### What is required
Once you find the line below that has "Авокадо, магазин по", output it and every line after it exactly, stopping after the line that has "Loại chia theo", with no pictures.

### Provided records

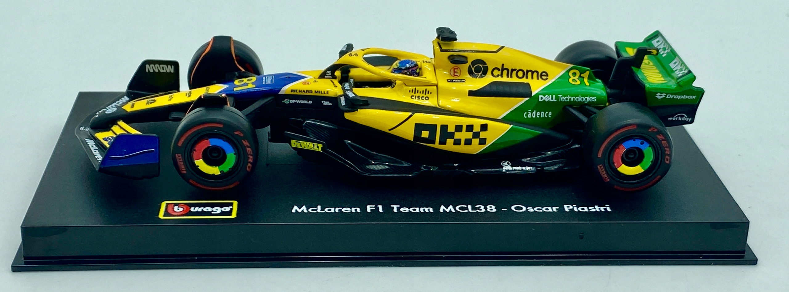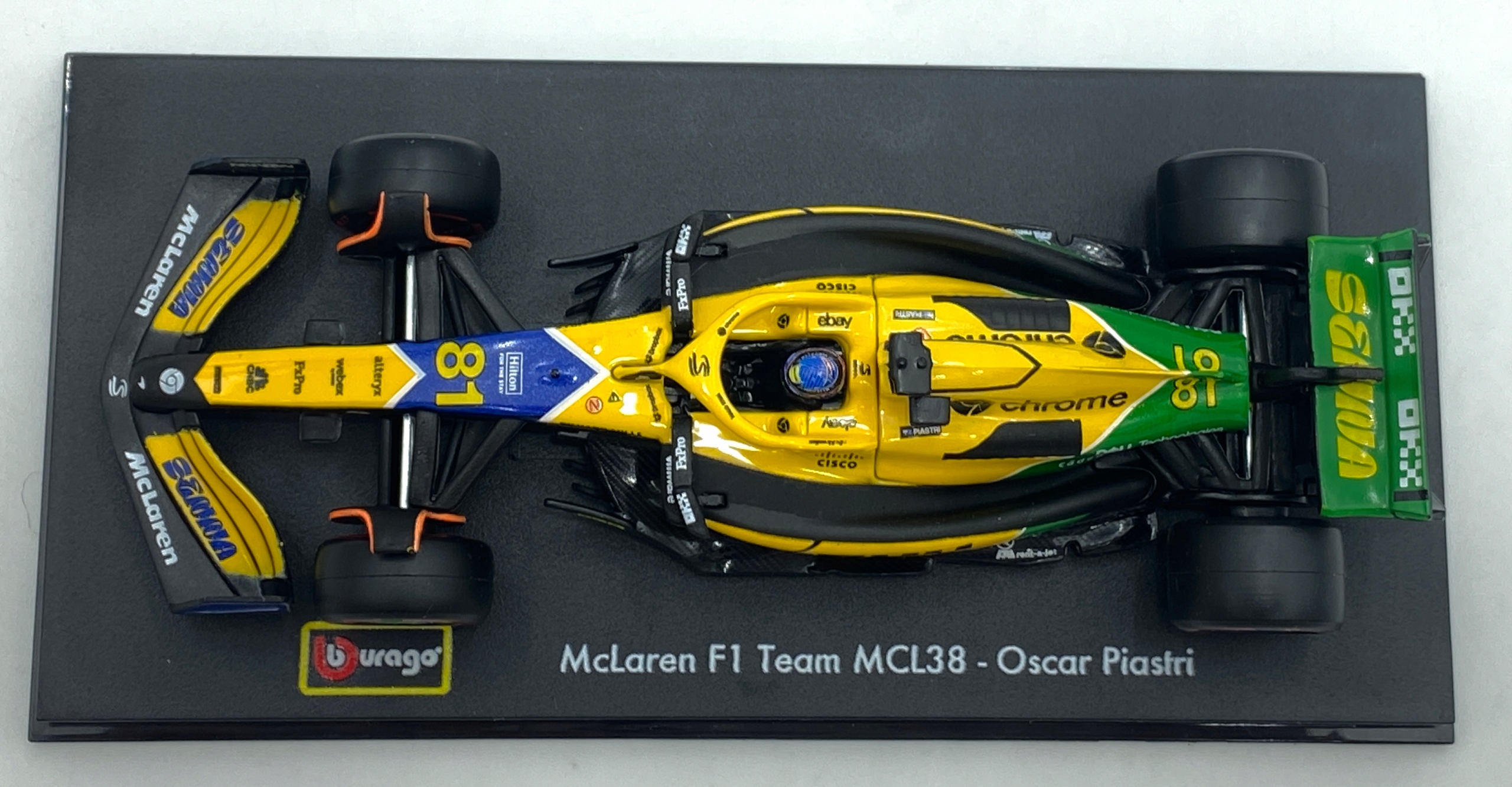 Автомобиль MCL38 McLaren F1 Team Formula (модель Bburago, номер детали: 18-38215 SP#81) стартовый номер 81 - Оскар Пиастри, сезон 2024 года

...

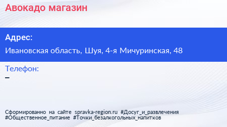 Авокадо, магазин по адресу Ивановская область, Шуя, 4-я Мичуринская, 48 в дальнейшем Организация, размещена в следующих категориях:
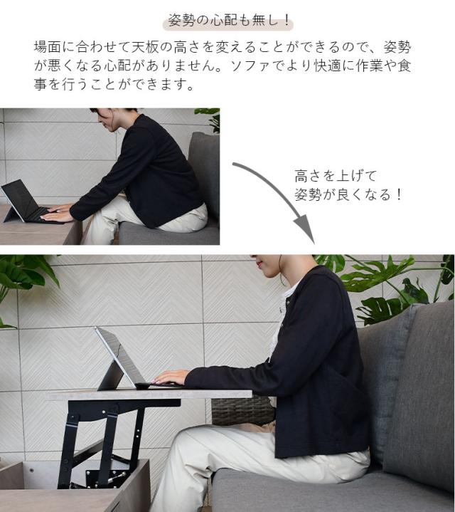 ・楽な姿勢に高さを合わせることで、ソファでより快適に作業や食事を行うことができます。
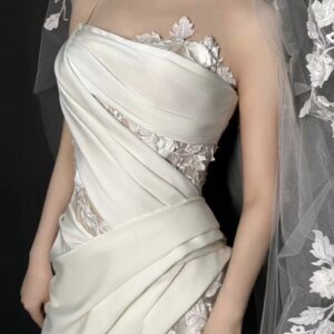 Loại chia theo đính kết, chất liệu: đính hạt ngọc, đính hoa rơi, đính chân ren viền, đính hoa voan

==

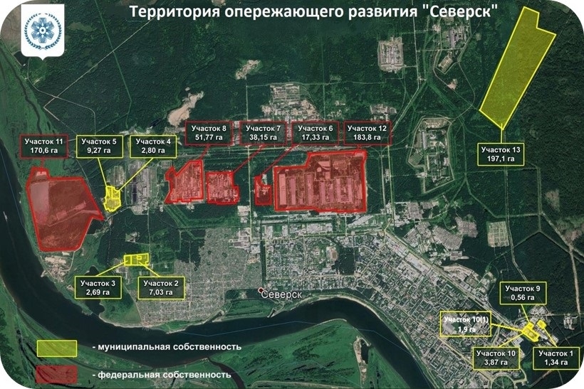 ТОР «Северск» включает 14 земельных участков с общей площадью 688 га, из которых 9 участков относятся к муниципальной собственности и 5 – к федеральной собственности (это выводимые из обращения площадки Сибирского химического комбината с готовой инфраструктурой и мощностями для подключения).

### Exercise response
 Авокадо, магазин по адресу Ивановская область, Шуя, 4-я Мичуринская, 48 в дальнейшем Организация, размещена в следующих категориях:
 ・楽な姿勢に高さを合わせることで、ソファでより快適に作業や食事を行うことができます。
 Loại chia theo đính kết, chất liệu: đính hạt ngọc, đính hoa rơi, đính chân ren viền, đính hoa voan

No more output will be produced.